British Virgin Islands
There is currently no formal legislation regulating data protection in the British Virgin Islands (BVI) however, the BVI Government has pledged the promulgation of suitable data protection legislation, based on internationally recognised standards, to be enacted in the near future.
English Common law is persuasive (although not binding) in the BVI and accordingly, a BVI Court will recognise and subscribe to the Common law duties of confidentiality and privacy. In essence, a person's details will need to be kept confidential unless an appropriate and satisfactory exception applies. Moreover, the duty of confidentiality has been statutorily codified in various aspects of BVI legislation, in particular the Banks and Trust Companies Act, 1990 (as amended) which regulates all banking and trust/ fiduciary related activities in the BVI.

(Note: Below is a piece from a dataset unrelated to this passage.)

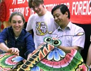 Ha Yiyu, a craftsman in Beijing, teaches Anna Leweis (L) and Yoni Tressman (C) how to make a kite at the opening ceremony of a contest for foreigners to learn how to produce Chinese handicrafts. It was held Thursday in the Wangfujing Arts and Crafts complex in Beijing and more than 70 foreigners participated in the event.
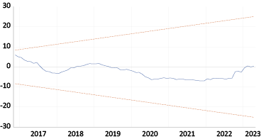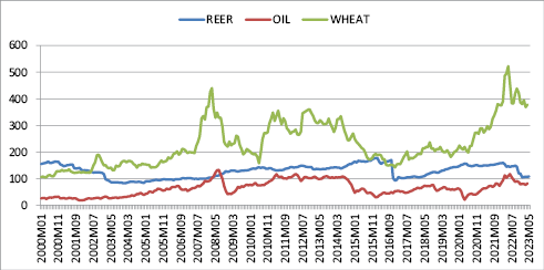 To disclose such obfuscated impacts that do not appear in the official rate until it is allowed to depreciate, it may be beneficial to compare oil and wheat prices with Egypt’s real effective exchange rate (Figure 2 with the real exchange rate having the acronym REER). REER measures a CPI-based price of a currency against some selected other currencies. As evident from Figure 2, devaluations in the previously mentioned periods returned the REER index to 100. Otherwise, the REER kept on appreciating above its market value marking the overvaluation of the LE. Strangely enough, while no clear impact seems to be from oil prices on REER, a negative relation sometimes appears from wheat prices to REER. The periods 2000–2003, 2007–2016, and 2016–2023 provide some evidence of this negative relation. The negative relation means that as the international price of wheat falls REER rises or the LE becomes overvalued. In other words, the decrease in wheat prices creates a downward pressure on the LE. This is strange as it is expected that the rising – not the falling – price of wheat would mount pressure on the LE through its impact on the import bill.

In terms of specific exceptions, limitations on the duty of confidentiality and privacy would arise in terms of appropriate anti-money laundering legislation (primarily regulated by the BVI Proceeds of Criminal Conduct Act, 1997 and the Anti Money Laundering Regulations, 2008).
The Company always seeks to comply with the privacy provisions and procedures managing and maintaining personal information in the course of its BVI business.
Hong Kong
In Hong Kong, the main legislation on data protection is the Personal Data (Privacy) Ordinance (Cap. 486 of the Laws of Hong Kong) (Ordinance). The Ordinance regulates the collection, use and handling of personal data and is based around a set of data protection principles. The Ordinance was enacted in 1996 in response to Directive 95/46/EC (Data Protection Directive). The Ordinance covers much of the same ground as the Data Protection Directive, although with some significant
limitations. The Ordinance underwent major reform in 2012, primarily to add specific provisions and restrictions against the use and provision of personal data in direct marketing.
The Company always seeks to comply with the privacy provisions and procedures managing and maintaining personal information in the course of its Hong Kong business.
China
in China, the main legislation on data protection is PRC Cybersecurity Law, the first national-level law to address cybersecurity and data privacy protection. Following this, there has been an abundance of implementing regulations and guidelines (herein referred to as Guidelines) proposed, issued or revised to flesh out the essentials and concepts introduced under the PRC Cybersecurity Law. These include, non-exhaustively:
National Standard of Information Security Technology – Personal Information Security Specification (PIS Specification), effective from May 1, 2018 (a revised draft is currently circulated for consultation);
Guidelines on Internet Personal Information Security Protection, effective from April 19, 2019; and
Draft National Standard of Information Security Technology – Guidelines on Personal Information Security Impact Assessment, released on June 11, 2018.
In addition to the PRC Cybersecurity Law, the following form the backbone of general data protection rules currently in the PRC:
The Decision on Strengthening Online Information Protection, effective from December 28, 2012 (Decision) and
National Standard of Information Security Technology – Guideline for u Personal Information Protection within Information System for Public and Commercial Services, effective from February 1, 2013
India
in India, the main legislation on data protection is The Personal Data Protection Bill, which was enacted in 2019, in order to provide for protection of the privacy of individuals relating to their personal data, specify the flow and usage of personal data, create a relationship of trust between persons and entities processing the personal data, protect the rights of individuals whose personal data are processed, to create a framework for organisational and technical measures in processing of data, laying down norms for social media intermediary, cross-border transfer, accountability of entities processing personal data, remedies for unauthorised and harmful processing, and to establish a Data Protection Authority of India for the said purposes and for matters connected therewith.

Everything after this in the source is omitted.